Он вновь рассмеялся, но тут же сменил смех на ругань, зацепив очередной автопилот.

— Как вы меня нашли? Я сам контролировал выход к местам доступным обозрению Сетью! Когда хотел – видели, когда не желал, не видели, — спросил спокойно рассуждая, Иезекиль.

— Ты? Контролировал? – расхохотался Стив. – У меня для тебя новость: ни черты ты не контролировал. Словно загнанный зайчик метался с диким взглядом и поджатым хвостом, и исчезал ты буквально на пять-десять минут. Да, умело, да, ловко. Но не более того. Сеть тебя тут же находила и все вновь начиналось… Тут-то я и заинтересовался тобой, поскольку полиция тебя явно не трогает, а это о многом говорит. Кто же ты?

— Как вы меня вычислили? – повторил безучастно Иезекиль. Одна мысль неотступно в нем бурлила, сверля мозг насквозь.

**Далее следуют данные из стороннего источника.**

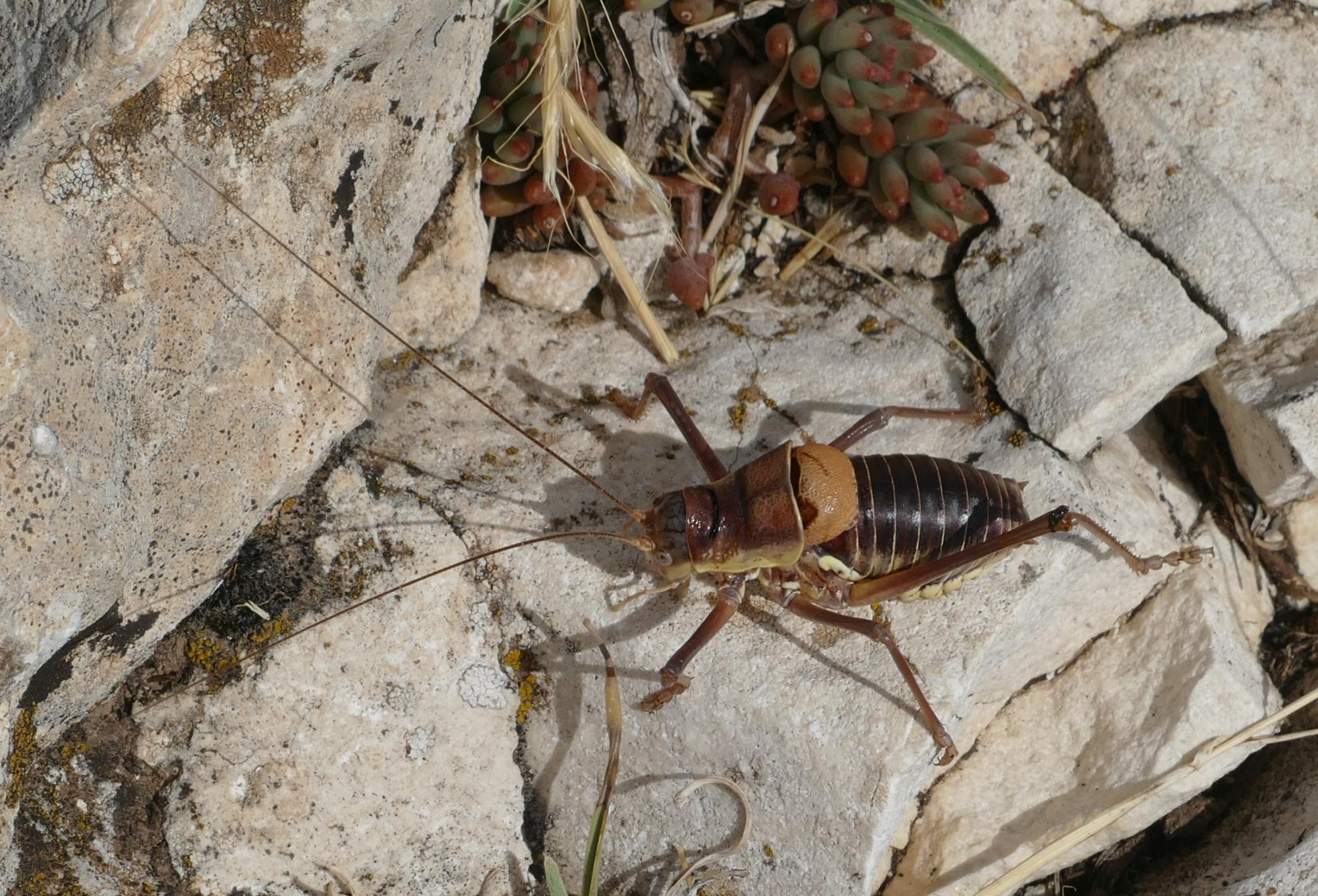 Eine Grille oben auf dem höchsten Berg der Provinz Alicante. Ich hatte bisher hier nur die lauten Zikaden gesehen und gehört und war sehr überrascht, auf der Aitana einige Grillen zu sehen und zu hören.
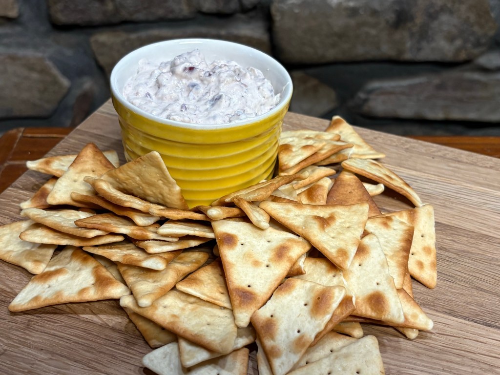 - It didn’t say what to serve this dip with so I decided on pita crackers. I wasn’t wrong. Fab!
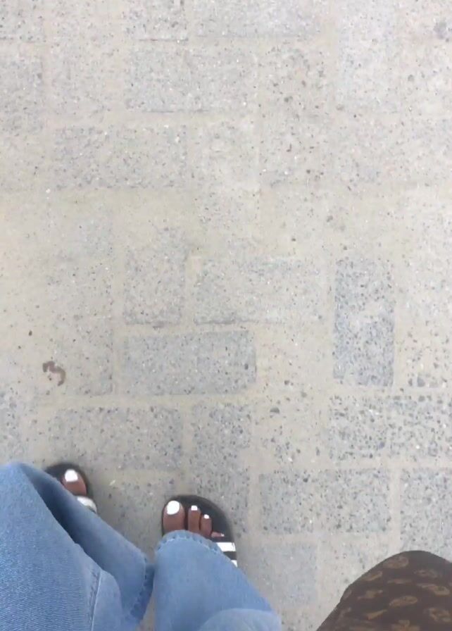 person walking on a gray, brick-paved surface. The person is wearing light blue jeans and black and white striped Adidas-style sandals with white nail polish on their toes. A brown handbag with a repeating pattern is visible next to the person's leg. The person is walking at a regular pace, and the camera is focused on their feet and lower body. The lighting is bright, suggesting an outdoor setting. A piece of debris, possibly a small twig, is briefly visible on the pavement.

— Это было не сложно, Франкенштейн, — получая экстаз от электронного наркотика, протянула Джанет. – Ты прыгал блошкой на большой ладони города миллиона глаз

— Ну как сказать, не так и просто, не уменьшай заслуги Филипса! – прервал её Стив. – Дело в том, что как ты знаешь, надеюсь, теперь весь программный код пишут сами машины, программисты лишь оформляют по правилам языка разметки так называемый запрос, передаваемый в компилятор Сети и она уже сама подбирает готовую реализацию с заданными пользователем функциями. Так вот, мы вбили тебя в базу, создали запрос, отправили. Естественно и ожидаемо получили отказ от предоставления, т.к. это полицейский хлеб. Далее, мы, т.е. я и мой друг Филипс, чуть-чуть напрягшись, дизассемблировали код отказа и получили твой уникальный генетический номер чипа. Дотошная точность машин – их слабая сторона. Самопальный позиционер привёл нас к тебе. Бинго! Эх, парень, надеюсь ты стоишь того! Потому что я влип из-за тебя очень глубоко. Из глубин проблема вынесет только волна пиара и пристального интереса публики, иначе и ты и я, да и она, чего уж таить, покойники…

— Я уже покойник, — равнодушно, словно подсказал время прохожему, произнёс Иезекиль. – Я холоден и равнодушен.

— Видел, как ты равнодушно убил женщину. Эй! Нет, парень, пока ты в моих руках тебя никто не тронет! Ха-ха, — Стив похлопал Иезекиля дружеским шлепком по груди, заодно проверив дырки от пуль на одежде. – Черт возьми мои глаза! Да они не промахнулись… Братишка, это будет бомба! Кто же ты такой? Даже Арти тебя зашифровал под код ДНК-паспорта «новорождённого», хотя досье многолетнее. Хм! И взаправду ледяной, как труп. Ха-ха, ещё припишут убийство тебя, хм.

— Я суть эксперимент, меня готовят для полёта в дальний космос, — поведал Иезекиль.

— Чу-чу, тише, братик, тут нас ещё слушают, давай-ка мы тебя спрячем там, где нет чёртовой Сети и ты все подробно расскажешь, и покажешь. Идёт? Черт! Тварь!! – вскрикнул Стив, налетев на припаркованный автопилот. Полицейские приближались сзади, блистая огнями. Прохожие тут же предложили беглецам помощь, они отказались, продолжая побег.

— Малыш, Стиви, они не отстают, —  промурлыкала сзади Джанет, — быстрее дотяни до убежища…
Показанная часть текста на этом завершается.